Но Юра чуть поднял руку, выставив ладонь, будто собирался остановить пацана, чересчур разогнавшегося на велосипеде, и сказал удивительное:
– Лара, мы же два мужика. Давай мы сами решим, как нам друг с другом общаться. Так правильно будет. Вот увидишь.
И мама опустила глаза и удалилась в кухню, приказав через плечо каким-то совсем не командирским голосом:
– Тогда руки мыть и – к столу. Мужики…
Юра подмигнул Саньку, наклонился и прошептал ему на ухо:
– Главное – последнее слово всегда женщине оставь. Ей это понравится, а от тебя не убудет.
Санёк ничего не понял, но вид принял максимально понимающий и мастерски подмигнул Юре в ответ.
Юра помывкой рук не ограничился, а оккупировал ванную на целых двадцать минут: «Надо с дороги». Всё это время Санёк сидел в прихожей на пуфике, как будто боялся, что Юра потихоньку улизнёт из ванной и шмыгнёт вон из квартиры – поминай, как звали.
Санёк размышлял о неожиданном счастье, свалившемся ему на голову.

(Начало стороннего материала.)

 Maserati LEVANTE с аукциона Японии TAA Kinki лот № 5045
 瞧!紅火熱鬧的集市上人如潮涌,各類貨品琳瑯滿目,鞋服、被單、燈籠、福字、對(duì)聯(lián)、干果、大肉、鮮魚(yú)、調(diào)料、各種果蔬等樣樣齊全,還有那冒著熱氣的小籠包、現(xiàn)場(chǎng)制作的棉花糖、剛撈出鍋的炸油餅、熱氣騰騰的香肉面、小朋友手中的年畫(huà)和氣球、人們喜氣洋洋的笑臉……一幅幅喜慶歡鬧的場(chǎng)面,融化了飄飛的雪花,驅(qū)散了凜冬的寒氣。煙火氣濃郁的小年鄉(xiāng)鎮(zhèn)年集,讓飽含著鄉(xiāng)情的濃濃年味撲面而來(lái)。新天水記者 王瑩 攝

Надо было воспользоваться им по полной. Например, совершенно необходимо выйти с Юрой во двор. Чтобы он был в своей капитанской форме. И чтобы пацаны все сидели на лавочке. И мы пойдём мимо, в сторону хлебного, а я скажу:
– Юра, это – мои друзья, познакомься.
Но домечтать кульминацию Санёк не успел. Юра вышел из ванной уже совсем праздничный и пахнущий одеколоном. Отправились на кухню, долго ахали и охали, цокали языками и качали головами. Их ждал настоящий пир. Стол был плотно уставлен блюдами и тарелками. Икра из синеньких, зразы, мильон салатов, а также тоненько нарезанный голландский и любимая ветчина по три шестьдесят.
– Ты что ли всех бывших одноклассников в гости ждёшь, Лара, не меня одного?

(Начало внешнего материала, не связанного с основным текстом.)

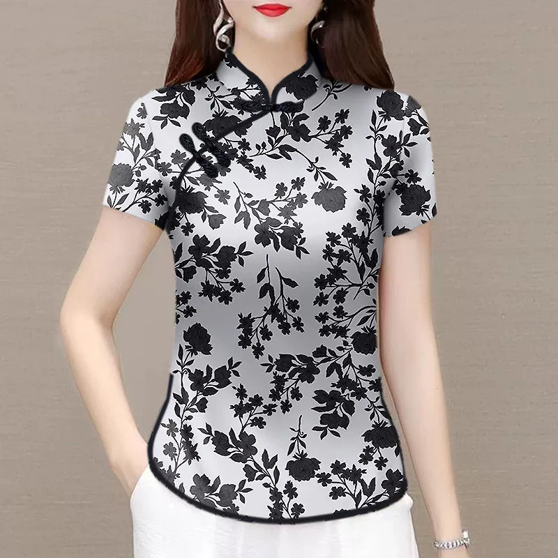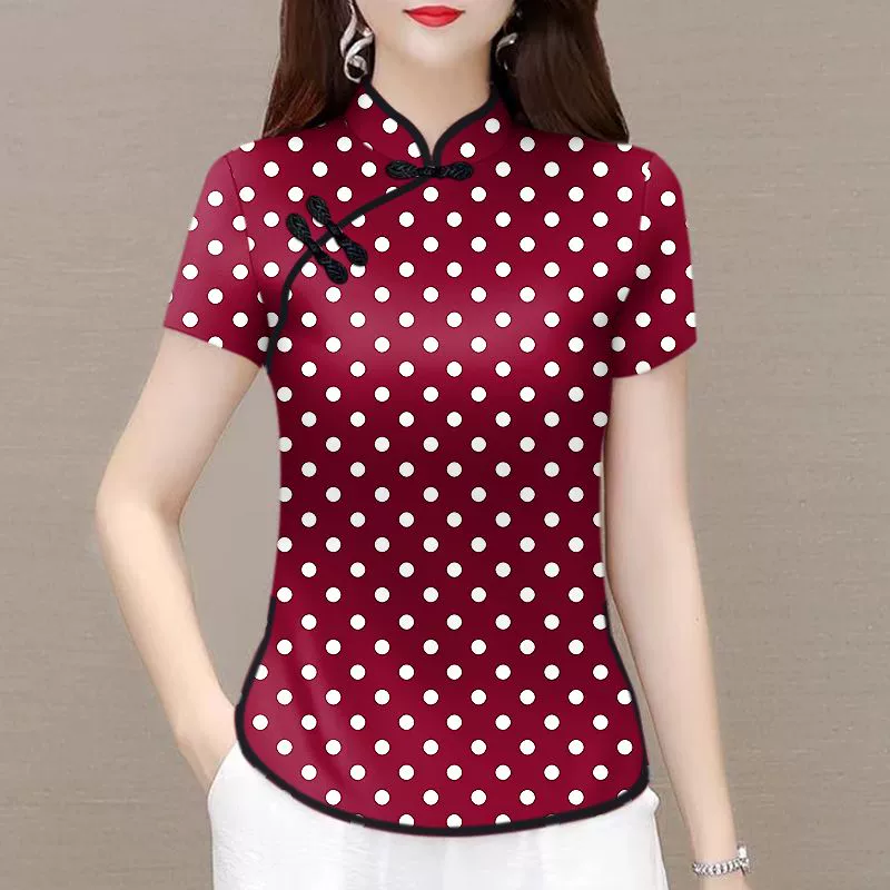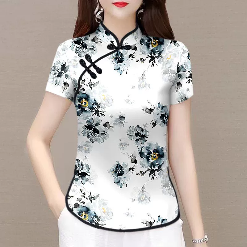 | nameOriginal | National trend new Chinese style split stand collar short-sleeved top with button |

– Да ладно тебе, – засмущалась мама, – давайте уже, садитесь. Голодные же все.
И сели, и начали жадно есть, и болтать, и Юра рассказывал удивительные вещи. Он, оказывается, только что вернулся из далёкой-далёкой Азии. И катался он там не только на слонах, но и на черепахах размером с этот стол. И ел черепаховый суп, а ещё жареную крокодилятину и тушёных лягушек. А в суп там бросают столько жгучего перца и прочих пряностей, что съешь одну ложку – а пота на литр потеряешь. И про ловцов жемчуга, и про рощи уродливых гевей, с которых до сих пор собирают капли драгоценного каучука. И про рисовые террасы в горах, и как на них по колено в воде копошатся люди-муравьи в соломенных шляпах конусом. А у них между ног снуют маленькие рыбки-меченосцы, совсем как у соседского Лёхи в аквариуме. И про сороконожек в руку толщиной, и про медуз, что могут зажалить до смерти.
Санёк слушал его и удивлялся. Сколько бы Санёк не смотрел на черепах на марках или даже по телевизору, он никогда не мог представить их живыми. Юра всего лишь рассказывает, слова говорит, даже не рисует ничего. А Санёк видит и черепаху, и как она голову из воды вытягивает и водоросли с руки ест. Так ясно видит, как будто сам её кормит прямо сейчас…
– А что тебе там показалось самым удивительным? – спросила мама.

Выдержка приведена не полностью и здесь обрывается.